Asana Recovery

Alcohol’s Effect on the Body

Glass with bottle of alcohol drink and drunk woman on backgroundAlcohol is one of the most abused drugs in the United States. In fact, an estimated 69% of the population drinks. And, with 28.3 million people struggling with an alcohol use disorder in 2020, alcohol clearly has significant and long-term negative effects. But, while most people are aware of alcohol use disorder, also known as addiction, fewer are aware of the significant and long-term effects that regularly drinking, or binge drinking have on the body.

At the same time, millions of us drink socially, casually, and even to enable socializing. Alcohol is popular not just because it’s considered normal and fun, but also because people use it to self-medicate, to function, and to de-stress. That can make stepping back and acknowledging harmful effects significantly difficult, especially for those of us who are relying on it.

If you or a loved one is drinking more than the recommended 2 servings or less in a day for men and 1 serving or less in a day for women, chances are, you are experiencing negative side effects.

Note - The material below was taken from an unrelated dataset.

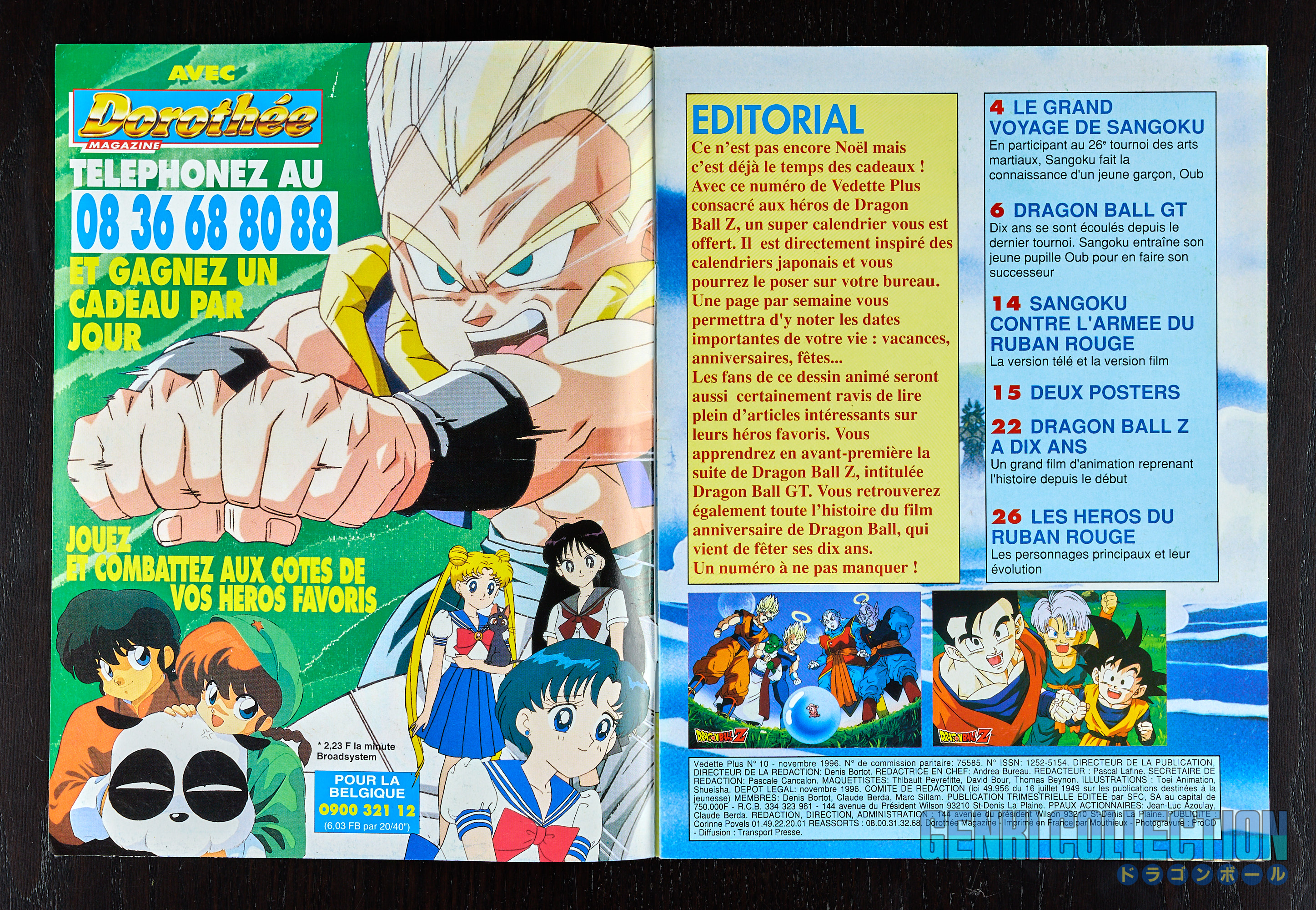 Magazine Vedette Plus de novembre 1996 en français sur Dragon Ball avec son calendrier 1997 inclus. Ce dernier contient une page par semaine, pour un total de 54 feuillets sous blister faisant office de présentoir. Bon état général, poster du magazine absent.

What Happens When You Drink Alcohol?

Most people know what being drunk is like. Whether that means tipsy, buzzed, raging drunk, or even blacking out tends to depend on the person. But most of us have felt some stage of inebriation, where alcohol reduces inhibitions, makes us feel good, and causes decreased anxiety. But what’s actually going on there? Is alcohol really a “mild poison” as has been popularized on the Internet? The answer is, yes and no. Alcohol, like many other substances, is extremely toxic in large doses. People can and do die when they drink too much. In fact, over 2,000 people die of alcohol poisoning in the U.S. each year.

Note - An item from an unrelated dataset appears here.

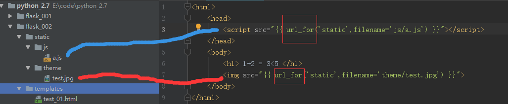 render_template( "/test_01.html" ) # 程序自动在templetes文件夹下寻找 ![]()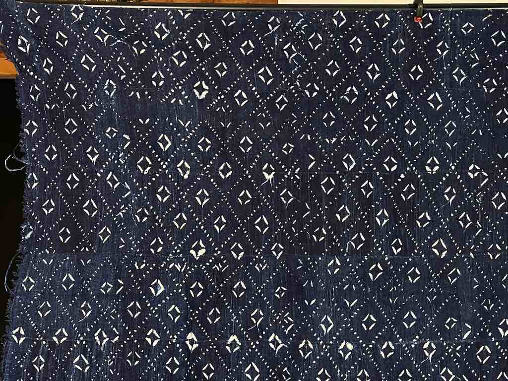 This textile is hand spun and used by Fulani people in Mali, West Africa. After the base textile is woven of cotton thread the completed textile is then dyed using natural indigo dyes. The pattern is accompished using a resist technique. These textiles are referred to as "wrappers" since women wrap them around their waist as skirts.

So, what happens, and why?

Alcohol, or ethanol, is a psychoactive drug which absorbs through the lining of the stomach and goes straight to the brain. The time between when you consume alcohol and when it starts affecting you can be as little as 30 seconds, depending on how much you’ve eaten.

Those effects happen as alcohol affects the gamma-Aminobutryc acid receptors in the brain and central nervous system. These GABA receptors impact emotional regulation, dopamine and serotonin production, balance, and even your respiratory system. The central nervous system also links to motor control, excitement, and other parts of muscle regulation.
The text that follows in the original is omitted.